> **Data extract**
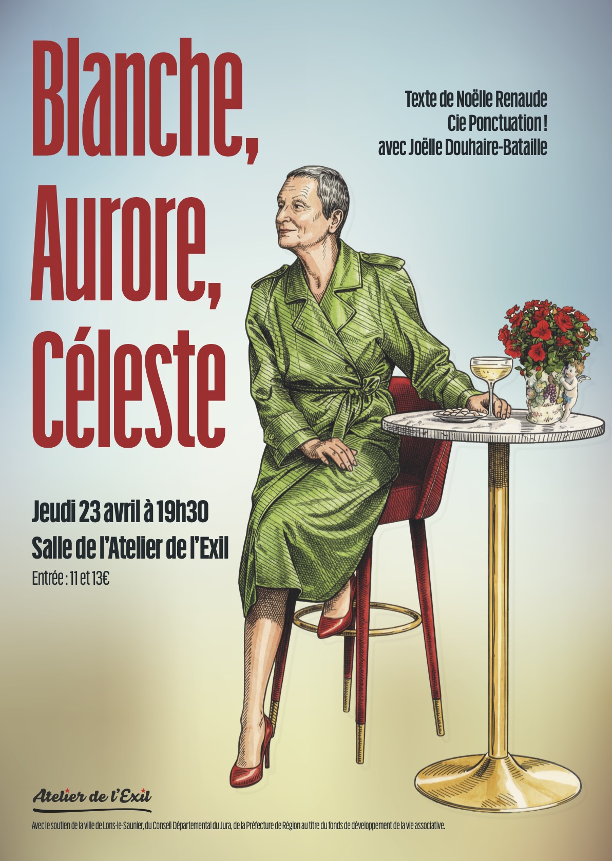 "Blanche Aurore Céleste" d'après Noëlle Renaude avec Joëlle Douhaire-Bataille. C’est une quête, quête d’amour, quête de soi-même, une fuite en avant rocambolesque et mélancolique. C’est une femme mûre qui se souvient. Elle a cherché toute sa vie son grand amour et en a essayé plusieurs. Elle nous raconte sa vie de femme libre et nous croque tous les hommes qu’elle a connus, dans un récit pa- thétique et loufoque. Une histoire d’amour pleine de couleurs, de rencontres et de ruptures. Celle d’une femme qui se raconte en faisant le compte des hommes qu’elle a connus. Et il y en a beaucoup. Beaucoup de micro histoires qui finissent par la décrire en creux. »
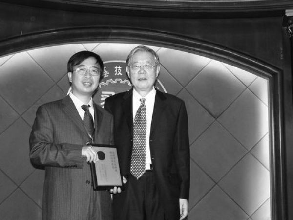 2005年,潘建伟与周光召(右)在“求是杰出凯发k8家奖”颁奖典礼上。潘建伟供图
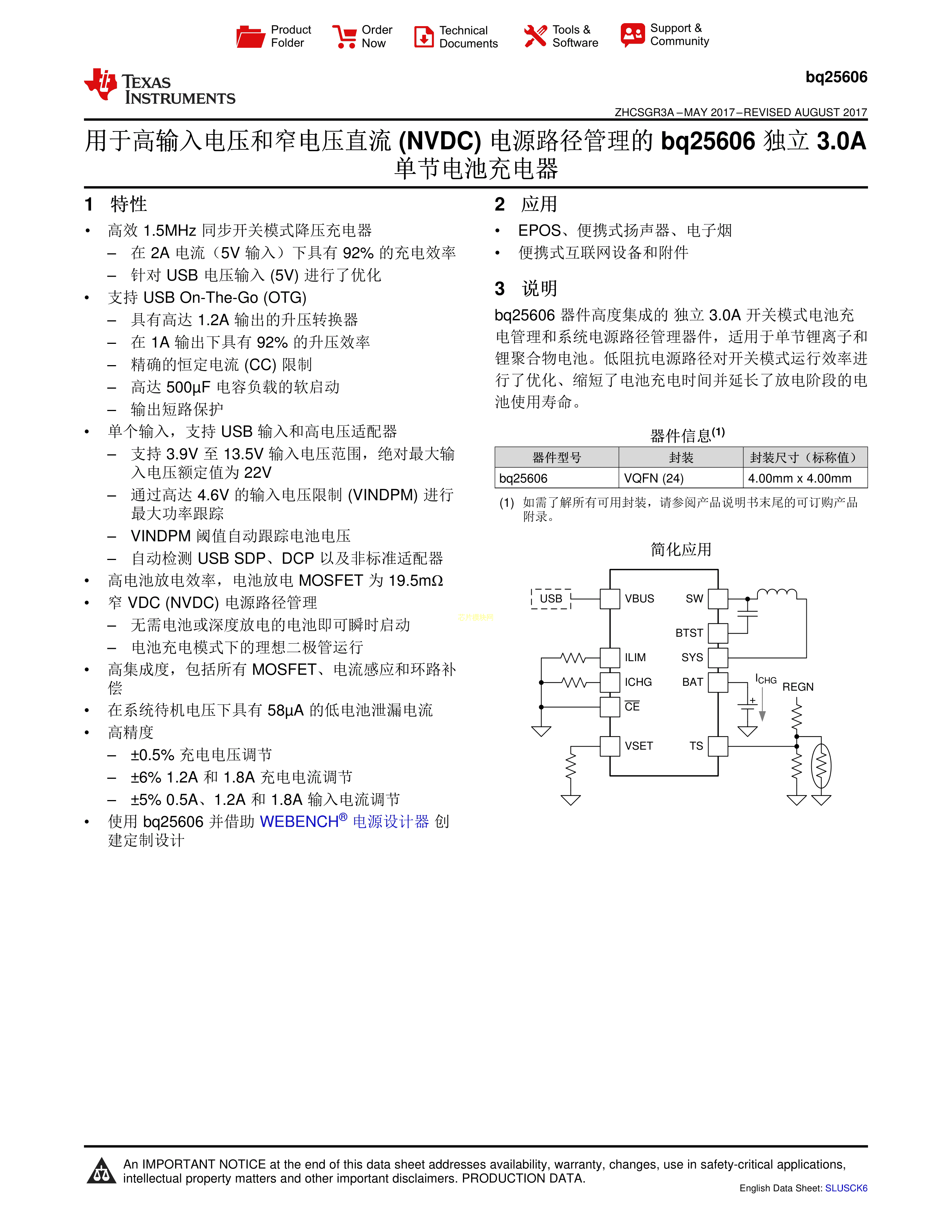 BQ25606RGER数据手册VQFN-24封装TI(德州仪器)PDF规格书,中英文下载

> **Task requirements**
Would you output the data exactly, without any of its images?

> **Result below**
 "Blanche Aurore Céleste" d'après Noëlle Renaude avec Joëlle Douhaire-Bataille. C’est une quête, quête d’amour, quête de soi-même, une fuite en avant rocambolesque et mélancolique. C’est une femme mûre qui se souvient. Elle a cherché toute sa vie son grand amour et en a essayé plusieurs. Elle nous raconte sa vie de femme libre et nous croque tous les hommes qu’elle a connus, dans un récit pa- thétique et loufoque. Une histoire d’amour pleine de couleurs, de rencontres et de ruptures. Celle d’une femme qui se raconte en faisant le compte des hommes qu’elle a connus. Et il y en a beaucoup. Beaucoup de micro histoires qui finissent par la décrire en creux. »
 2005年,潘建伟与周光召(右)在“求是杰出凯发k8家奖”颁奖典礼上。潘建伟供图
 BQ25606RGER数据手册VQFN-24封装TI(德州仪器)PDF规格书,中英文下载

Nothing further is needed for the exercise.